BEGIN Given records

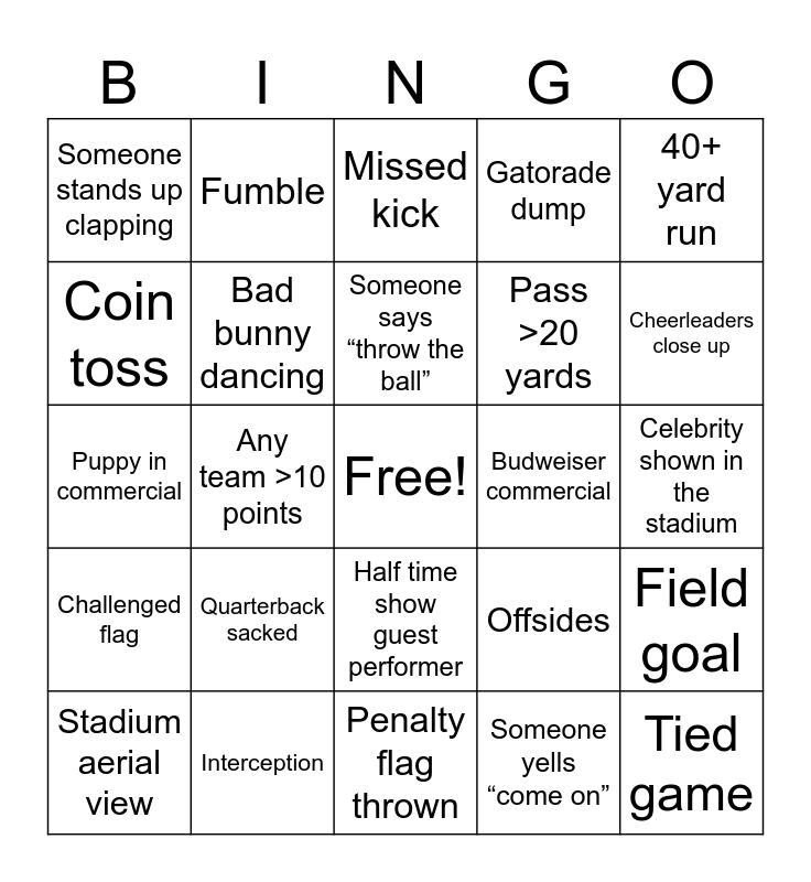 This bingo card has a free space and 30 words: Interception, Touchdown dance, Any team >10 points, Any team >20 points, Someone stands up clapping, Missed kick, Bad bunny dancing, Half time show guest performer, Budweiser commercial, Penalty flag thrown, Celebrity shown in the stadium, Tied game, Someone yells “come on”, Pepsi commercial, Cheerleaders close up, First touchdown, Offsides, Challenged flag, Quarterback sacked, 40+ yard run, Puppy in commercial, Time out, Fumble, Pass >20 yards, Coin toss, Gatorade dump, Field goal, Stadium aerial view, Someone says “throw the ball” and Total points scored >40.
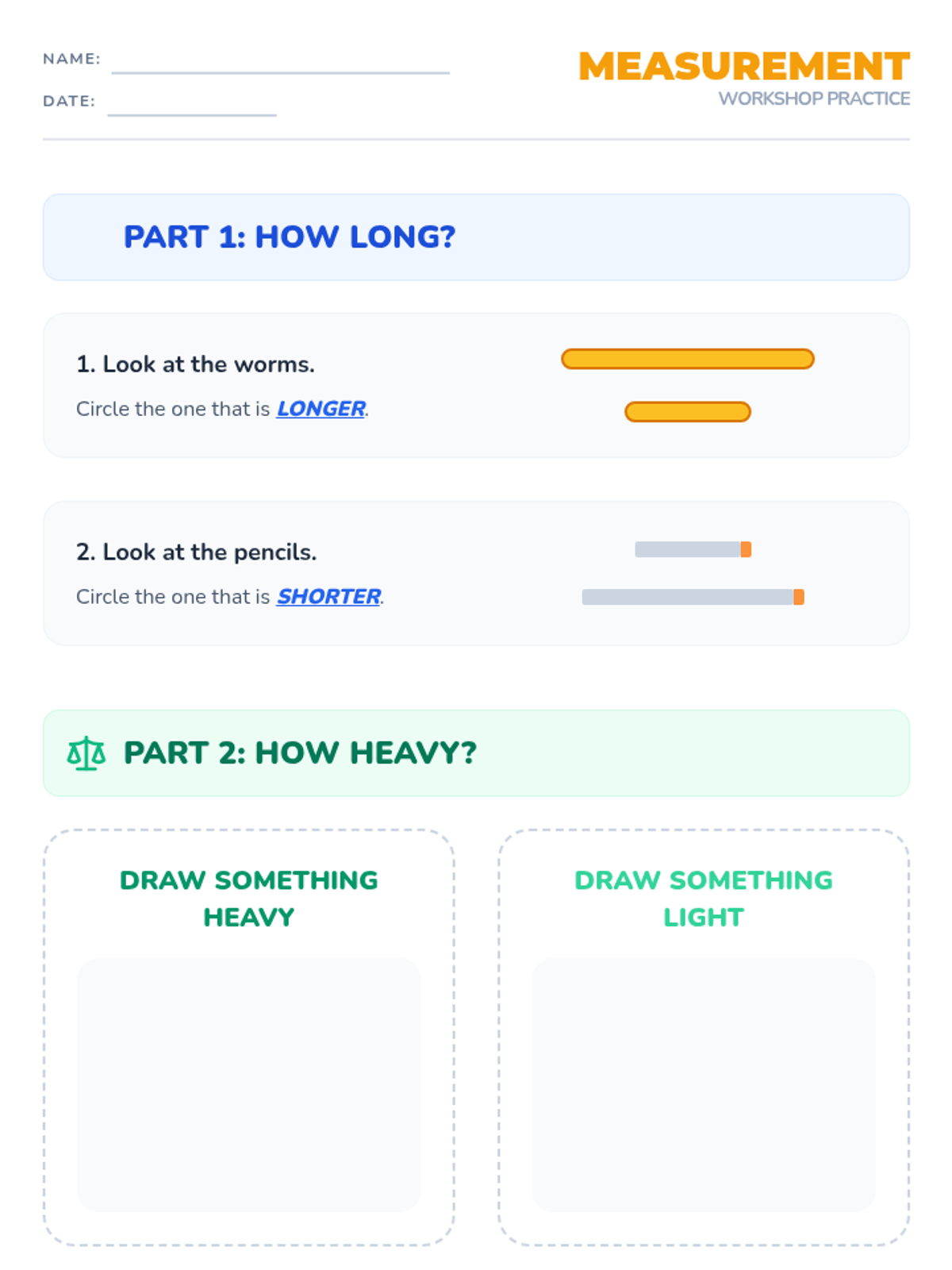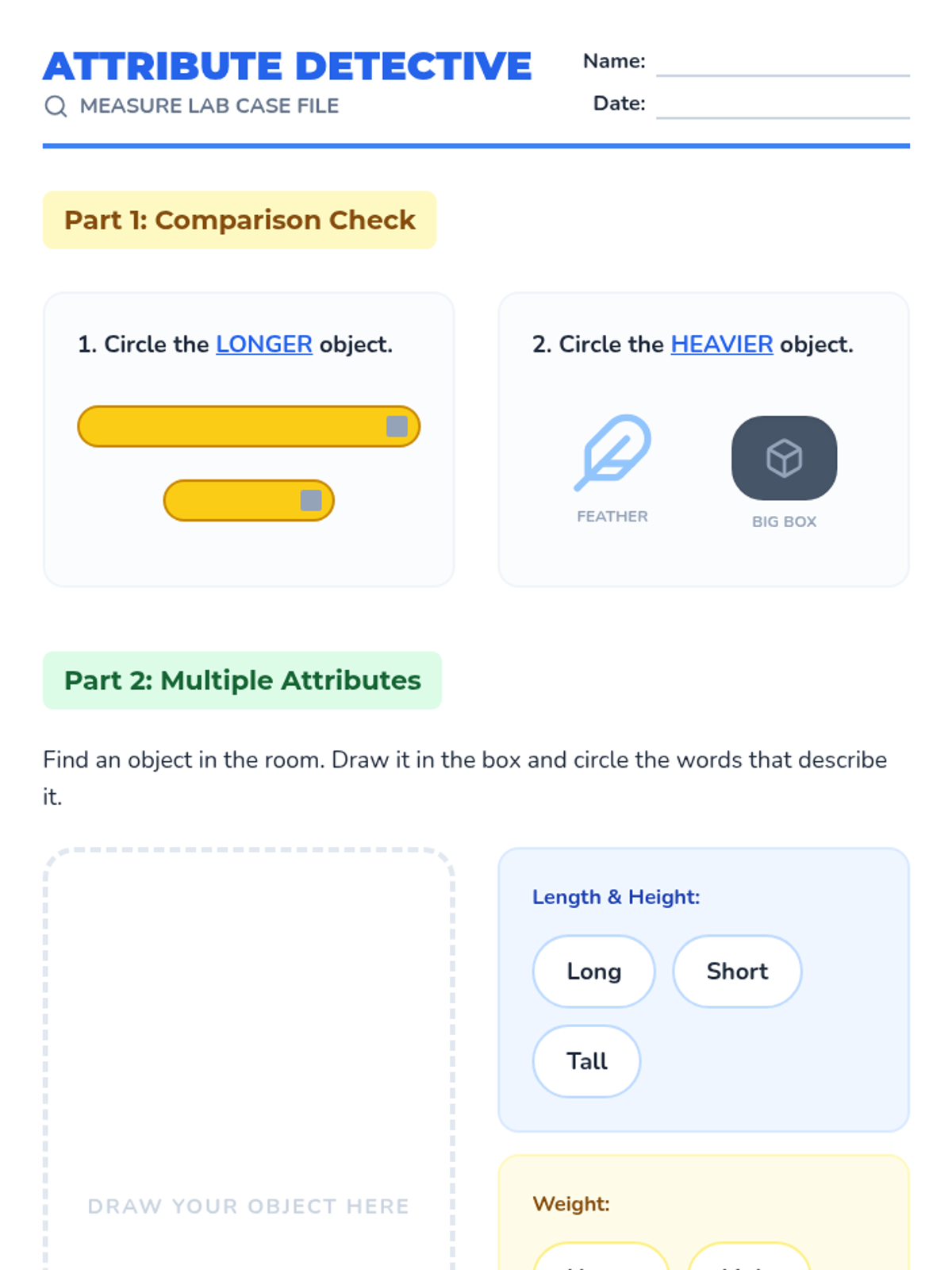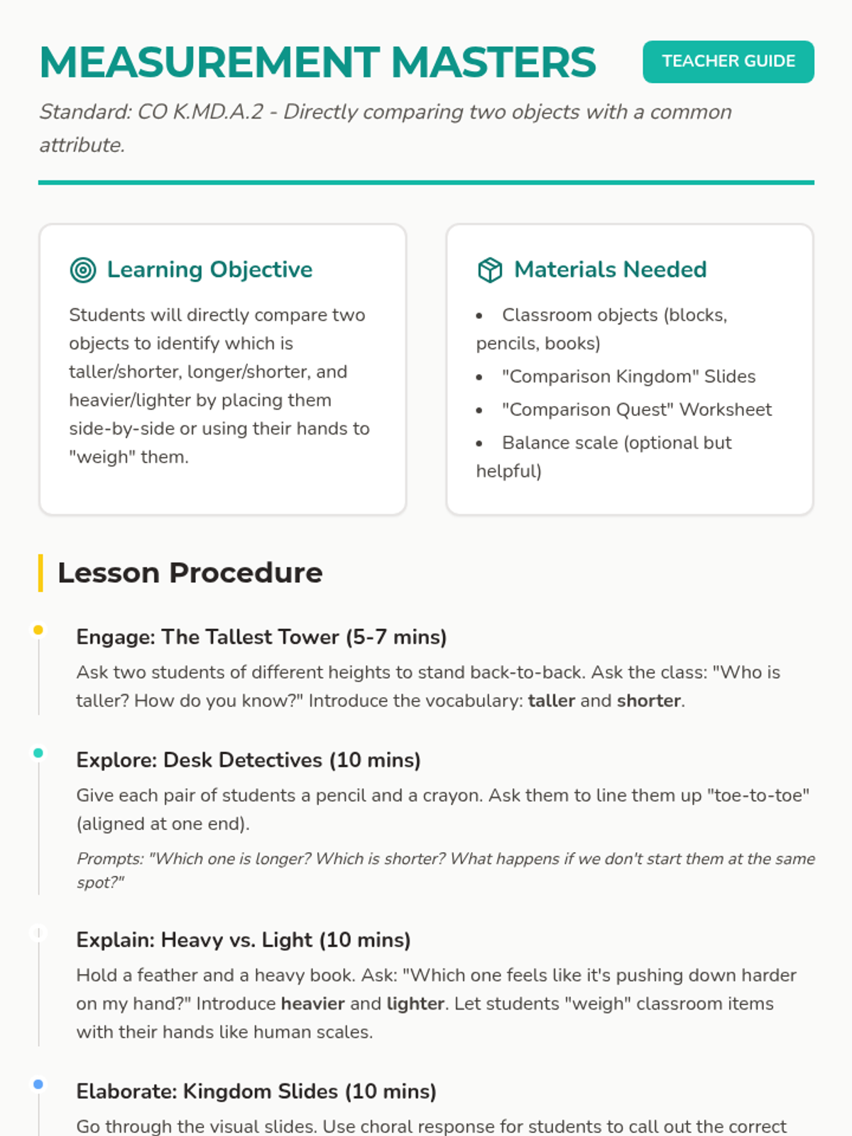 A Kindergarten lesson focused on directly comparing the height, length, and weight of two objects using descriptive language like taller/shorter, longer/shorter, and heavier/lighter.
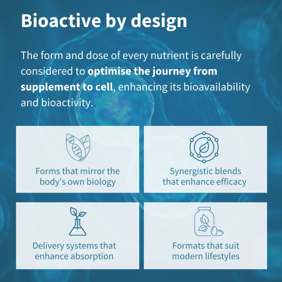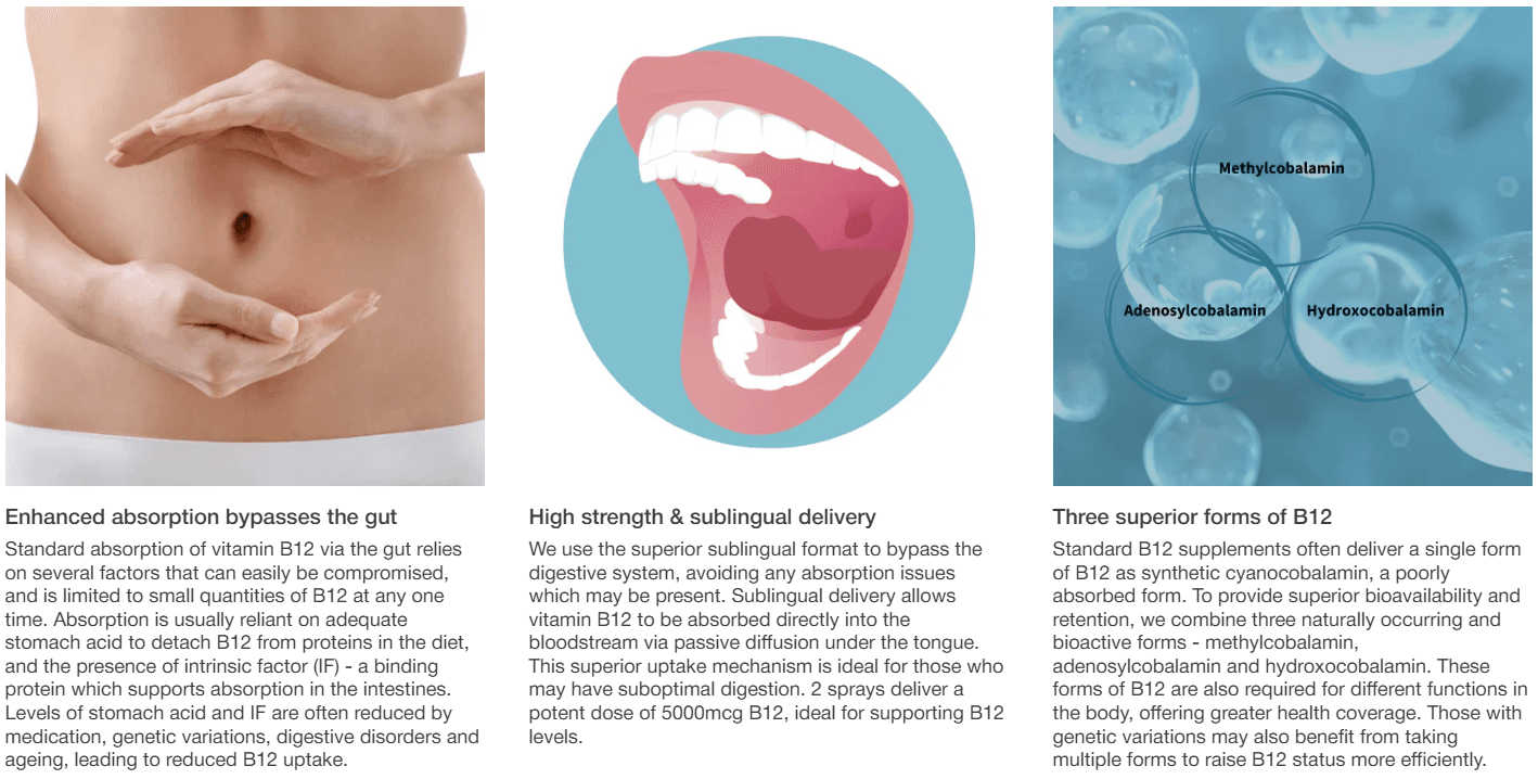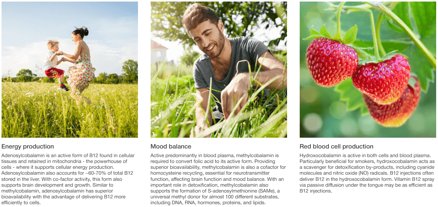 Different forms of B12 are required for different functions in the body, so we provide three naturally occurring and bioactive forms – methylated methylcobalamin, plus adenosylcobalamin and hydroxocobalamin – for greater health coverage.
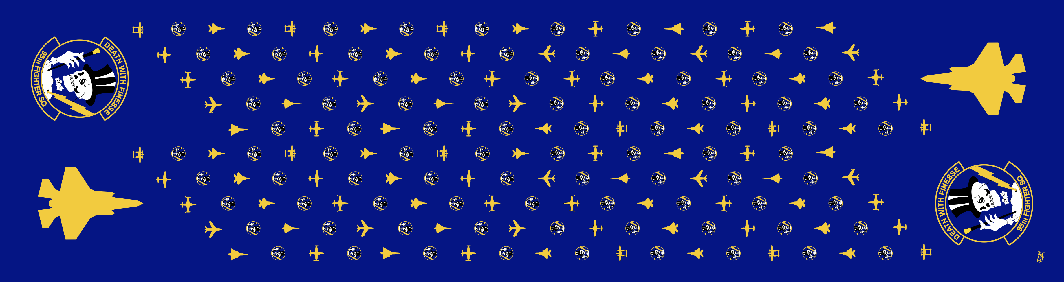 Tyndall AFB 95 FS Flight Scarf. AF Blue Background With Squadron Patches and an F-35A Aircraft on Both Ends of the Scarf. Throughout the Scarf Include the Following Aircraft: P-38, F-51, F-94B, F-86D, F-102, F-106, T-33, F-15C/D Eagle, F-22A, and F-35A, Along With the "Mr. Bones" Emblem.
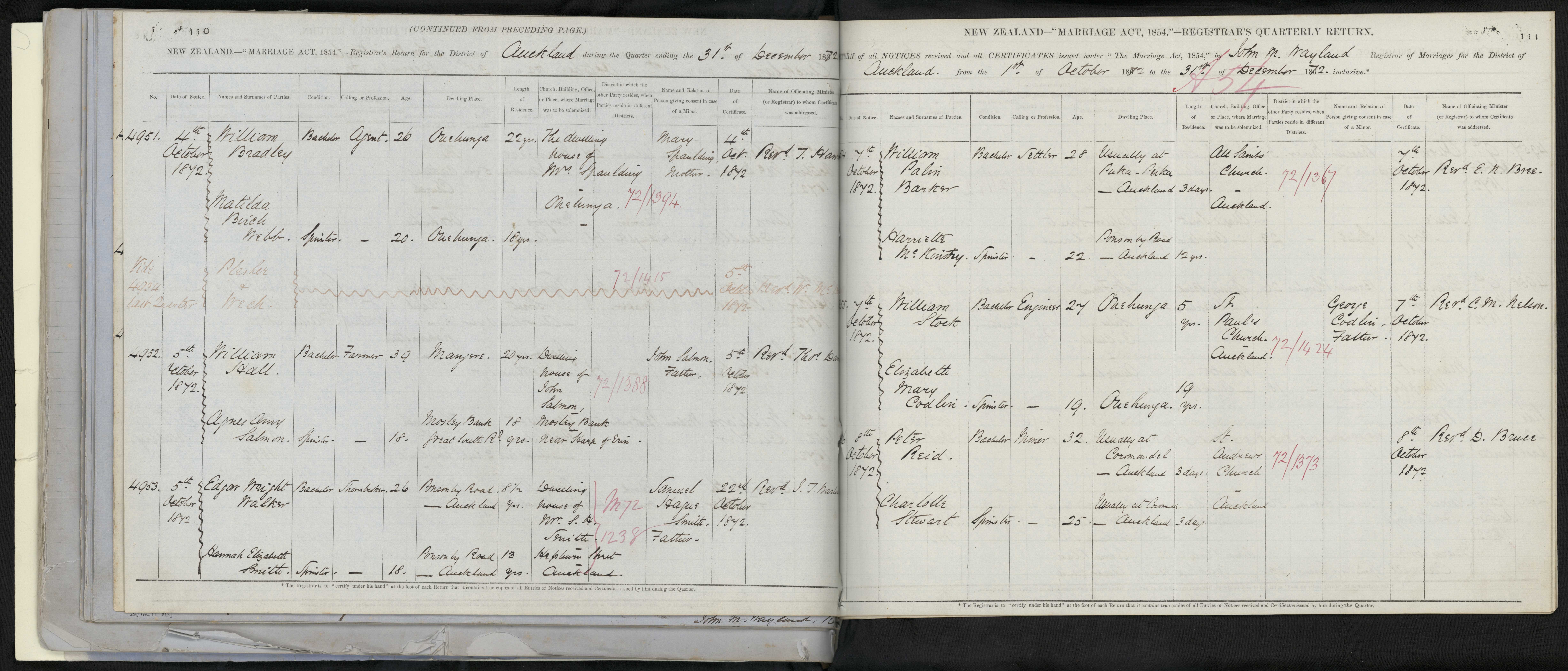 District of Auckland Quarter ending 31 December 1872 Registrar John M. Wayland

END Given records

Work to complete ▸
Could you transcribe exactly the lines from the start of the records through the line containing "Different forms of", both ends included, leaving the pictures out?

Exercise result ▸
 This bingo card has a free space and 30 words: Interception, Touchdown dance, Any team >10 points, Any team >20 points, Someone stands up clapping, Missed kick, Bad bunny dancing, Half time show guest performer, Budweiser commercial, Penalty flag thrown, Celebrity shown in the stadium, Tied game, Someone yells “come on”, Pepsi commercial, Cheerleaders close up, First touchdown, Offsides, Challenged flag, Quarterback sacked, 40+ yard run, Puppy in commercial, Time out, Fumble, Pass >20 yards, Coin toss, Gatorade dump, Field goal, Stadium aerial view, Someone says “throw the ball” and Total points scored >40.
 A Kindergarten lesson focused on directly comparing the height, length, and weight of two objects using descriptive language like taller/shorter, longer/shorter, and heavier/lighter.
 Different forms of B12 are required for different functions in the body, so we provide three naturally occurring and bioactive forms – methylated methylcobalamin, plus adenosylcobalamin and hydroxocobalamin – for greater health coverage.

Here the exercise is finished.